[Data extracted from a collection]
↓

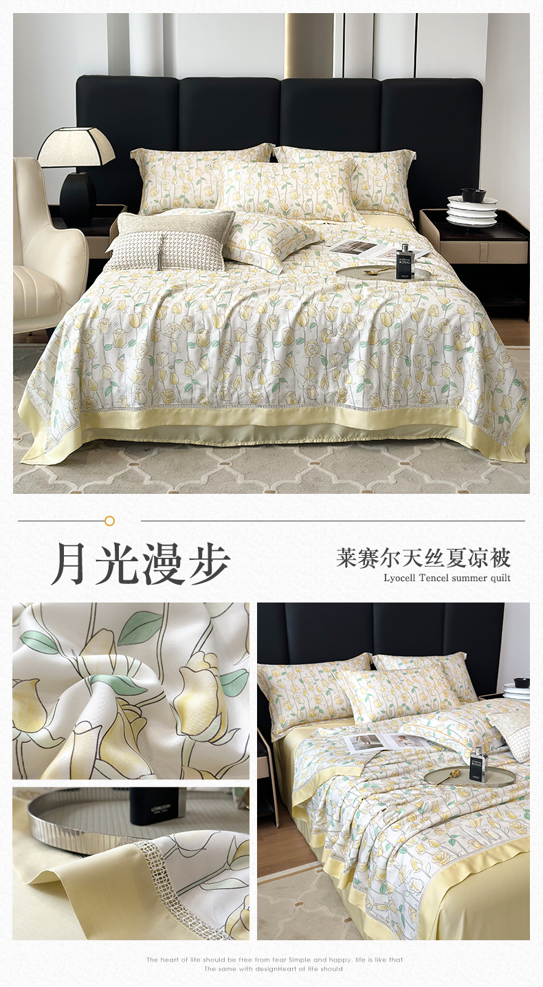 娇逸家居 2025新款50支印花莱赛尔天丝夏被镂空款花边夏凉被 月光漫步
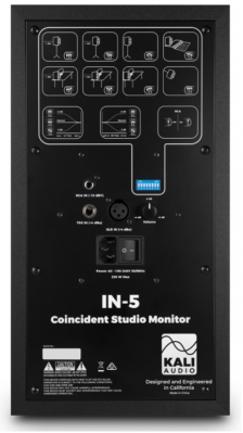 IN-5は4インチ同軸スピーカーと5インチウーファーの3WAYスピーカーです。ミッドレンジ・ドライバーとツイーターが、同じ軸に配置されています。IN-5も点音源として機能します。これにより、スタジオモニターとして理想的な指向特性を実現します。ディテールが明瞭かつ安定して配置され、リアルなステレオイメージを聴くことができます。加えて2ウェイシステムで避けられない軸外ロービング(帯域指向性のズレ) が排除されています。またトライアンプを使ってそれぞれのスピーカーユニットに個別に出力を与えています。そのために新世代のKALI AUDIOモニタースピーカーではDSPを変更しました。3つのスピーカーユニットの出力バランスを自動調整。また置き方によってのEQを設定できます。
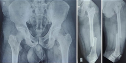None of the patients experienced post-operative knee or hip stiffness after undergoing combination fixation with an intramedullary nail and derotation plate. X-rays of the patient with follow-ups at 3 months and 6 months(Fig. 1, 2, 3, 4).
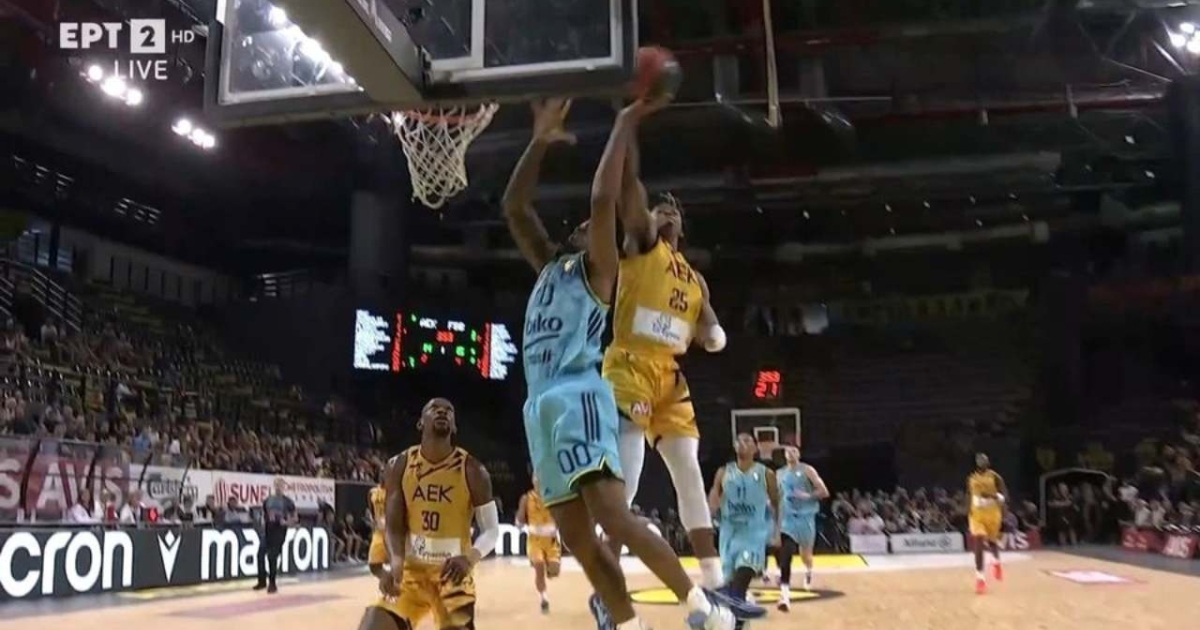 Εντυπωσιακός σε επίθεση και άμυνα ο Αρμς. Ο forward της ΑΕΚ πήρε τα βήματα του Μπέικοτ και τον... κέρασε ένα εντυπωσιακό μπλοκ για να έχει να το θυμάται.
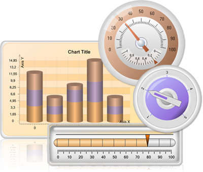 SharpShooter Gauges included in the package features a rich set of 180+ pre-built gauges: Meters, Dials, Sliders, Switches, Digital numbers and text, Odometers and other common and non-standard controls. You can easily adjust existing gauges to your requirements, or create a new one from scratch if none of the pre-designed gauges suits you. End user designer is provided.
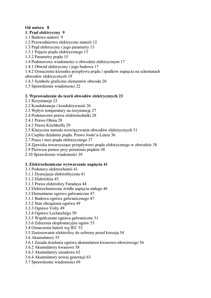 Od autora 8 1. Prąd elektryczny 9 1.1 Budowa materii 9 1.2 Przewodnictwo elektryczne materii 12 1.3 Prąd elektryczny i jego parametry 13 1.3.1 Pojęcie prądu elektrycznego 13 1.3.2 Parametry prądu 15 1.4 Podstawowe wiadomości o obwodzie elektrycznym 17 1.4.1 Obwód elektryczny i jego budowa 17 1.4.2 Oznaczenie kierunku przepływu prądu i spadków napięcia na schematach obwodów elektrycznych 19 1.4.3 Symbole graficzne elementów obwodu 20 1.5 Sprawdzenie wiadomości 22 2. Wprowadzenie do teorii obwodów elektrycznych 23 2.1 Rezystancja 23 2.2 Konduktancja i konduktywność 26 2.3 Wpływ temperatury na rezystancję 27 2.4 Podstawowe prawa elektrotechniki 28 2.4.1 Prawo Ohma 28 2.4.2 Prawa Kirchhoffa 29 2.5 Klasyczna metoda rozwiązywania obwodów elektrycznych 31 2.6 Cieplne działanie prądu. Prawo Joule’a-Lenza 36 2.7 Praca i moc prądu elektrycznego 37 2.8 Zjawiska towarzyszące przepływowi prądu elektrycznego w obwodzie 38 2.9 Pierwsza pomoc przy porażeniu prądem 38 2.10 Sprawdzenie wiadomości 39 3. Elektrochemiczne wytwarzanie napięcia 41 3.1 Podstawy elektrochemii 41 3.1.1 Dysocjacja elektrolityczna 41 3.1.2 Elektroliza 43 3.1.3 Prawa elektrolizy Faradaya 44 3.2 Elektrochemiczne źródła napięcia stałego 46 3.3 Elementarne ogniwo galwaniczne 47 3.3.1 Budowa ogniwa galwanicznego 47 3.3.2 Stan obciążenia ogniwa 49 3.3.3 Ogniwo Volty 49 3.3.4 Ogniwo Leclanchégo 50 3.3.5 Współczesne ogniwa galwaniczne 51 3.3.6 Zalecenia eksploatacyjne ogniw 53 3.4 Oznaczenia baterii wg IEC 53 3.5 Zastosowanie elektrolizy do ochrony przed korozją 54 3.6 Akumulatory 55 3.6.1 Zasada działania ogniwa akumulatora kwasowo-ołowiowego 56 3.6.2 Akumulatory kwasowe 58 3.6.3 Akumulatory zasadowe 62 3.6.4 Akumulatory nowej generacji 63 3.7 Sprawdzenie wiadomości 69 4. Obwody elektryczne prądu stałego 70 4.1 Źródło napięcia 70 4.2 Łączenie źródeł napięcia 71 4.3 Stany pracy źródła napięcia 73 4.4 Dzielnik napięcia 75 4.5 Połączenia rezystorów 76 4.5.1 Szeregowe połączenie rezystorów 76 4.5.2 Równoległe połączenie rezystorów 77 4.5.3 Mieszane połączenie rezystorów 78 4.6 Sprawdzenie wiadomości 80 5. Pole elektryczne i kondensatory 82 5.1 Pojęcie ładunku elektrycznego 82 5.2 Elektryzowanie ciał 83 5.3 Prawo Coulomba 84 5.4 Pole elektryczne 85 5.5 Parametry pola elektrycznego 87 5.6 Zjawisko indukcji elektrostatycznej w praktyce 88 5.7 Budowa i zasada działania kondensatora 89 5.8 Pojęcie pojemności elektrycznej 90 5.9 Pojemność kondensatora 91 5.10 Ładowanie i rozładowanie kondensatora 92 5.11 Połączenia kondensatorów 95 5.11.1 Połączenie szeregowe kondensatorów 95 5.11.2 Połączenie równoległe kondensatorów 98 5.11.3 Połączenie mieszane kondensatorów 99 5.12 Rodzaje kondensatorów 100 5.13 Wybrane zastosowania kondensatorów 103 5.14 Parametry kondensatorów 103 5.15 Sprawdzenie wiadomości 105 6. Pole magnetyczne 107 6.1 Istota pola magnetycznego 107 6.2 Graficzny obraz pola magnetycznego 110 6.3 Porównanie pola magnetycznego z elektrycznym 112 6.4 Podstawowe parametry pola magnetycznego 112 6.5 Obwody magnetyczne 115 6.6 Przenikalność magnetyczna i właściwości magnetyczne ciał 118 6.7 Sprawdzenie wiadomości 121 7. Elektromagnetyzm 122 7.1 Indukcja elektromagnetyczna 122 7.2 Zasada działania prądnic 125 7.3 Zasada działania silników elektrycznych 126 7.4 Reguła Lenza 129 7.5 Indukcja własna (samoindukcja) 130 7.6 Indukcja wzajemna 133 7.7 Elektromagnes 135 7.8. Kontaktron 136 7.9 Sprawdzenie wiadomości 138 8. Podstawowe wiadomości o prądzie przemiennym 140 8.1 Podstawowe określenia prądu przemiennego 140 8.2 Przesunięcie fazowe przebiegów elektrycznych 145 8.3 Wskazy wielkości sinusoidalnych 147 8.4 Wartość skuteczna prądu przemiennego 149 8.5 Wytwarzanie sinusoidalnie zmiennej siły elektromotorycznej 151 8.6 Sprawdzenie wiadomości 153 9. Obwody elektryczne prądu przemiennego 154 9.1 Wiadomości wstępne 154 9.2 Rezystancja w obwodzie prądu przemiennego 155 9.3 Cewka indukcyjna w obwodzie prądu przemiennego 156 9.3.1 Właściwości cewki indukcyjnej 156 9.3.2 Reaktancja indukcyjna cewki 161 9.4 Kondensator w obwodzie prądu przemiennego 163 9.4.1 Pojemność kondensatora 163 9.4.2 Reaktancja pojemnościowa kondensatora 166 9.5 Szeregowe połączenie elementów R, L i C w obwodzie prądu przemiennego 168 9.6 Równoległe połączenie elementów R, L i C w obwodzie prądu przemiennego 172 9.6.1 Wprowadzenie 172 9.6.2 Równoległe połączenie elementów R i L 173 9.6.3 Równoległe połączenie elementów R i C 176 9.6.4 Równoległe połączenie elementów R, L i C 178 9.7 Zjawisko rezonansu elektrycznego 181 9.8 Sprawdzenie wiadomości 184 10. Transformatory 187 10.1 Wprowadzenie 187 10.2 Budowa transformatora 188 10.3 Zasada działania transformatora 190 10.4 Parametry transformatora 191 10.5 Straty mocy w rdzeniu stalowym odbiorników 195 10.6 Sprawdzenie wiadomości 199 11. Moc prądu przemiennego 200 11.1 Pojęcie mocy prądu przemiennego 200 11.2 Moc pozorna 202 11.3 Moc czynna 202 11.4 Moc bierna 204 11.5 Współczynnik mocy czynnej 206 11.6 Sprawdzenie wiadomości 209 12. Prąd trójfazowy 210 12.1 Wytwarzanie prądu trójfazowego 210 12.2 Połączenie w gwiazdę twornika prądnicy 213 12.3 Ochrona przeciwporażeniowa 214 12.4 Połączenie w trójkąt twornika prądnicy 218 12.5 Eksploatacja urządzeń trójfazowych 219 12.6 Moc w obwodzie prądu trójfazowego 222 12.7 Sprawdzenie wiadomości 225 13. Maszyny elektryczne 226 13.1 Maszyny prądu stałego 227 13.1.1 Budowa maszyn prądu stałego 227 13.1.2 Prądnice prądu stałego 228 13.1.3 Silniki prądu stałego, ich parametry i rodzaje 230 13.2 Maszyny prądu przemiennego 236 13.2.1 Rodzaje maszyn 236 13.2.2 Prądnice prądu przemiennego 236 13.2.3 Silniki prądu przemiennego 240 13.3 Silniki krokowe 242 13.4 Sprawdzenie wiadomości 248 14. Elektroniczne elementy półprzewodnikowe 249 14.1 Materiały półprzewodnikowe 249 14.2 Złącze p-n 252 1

↑

Task requirements ▸
Go back to the lines above and output, exactly as they stand, the ones from the line containing "None of the patients" to the line containing "Εντυπωσιακός σε επίθεση". Leave all pictures behind.

Output of the task ▸
None of the patients experienced post-operative knee or hip stiffness after undergoing combination fixation with an intramedullary nail and derotation plate. X-rays of the patient with follow-ups at 3 months and 6 months(Fig. 1, 2, 3, 4).
 Εντυπωσιακός σε επίθεση και άμυνα ο Αρμς. Ο forward της ΑΕΚ πήρε τα βήματα του Μπέικοτ και τον... κέρασε ένα εντυπωσιακό μπλοκ για να έχει να το θυμάται.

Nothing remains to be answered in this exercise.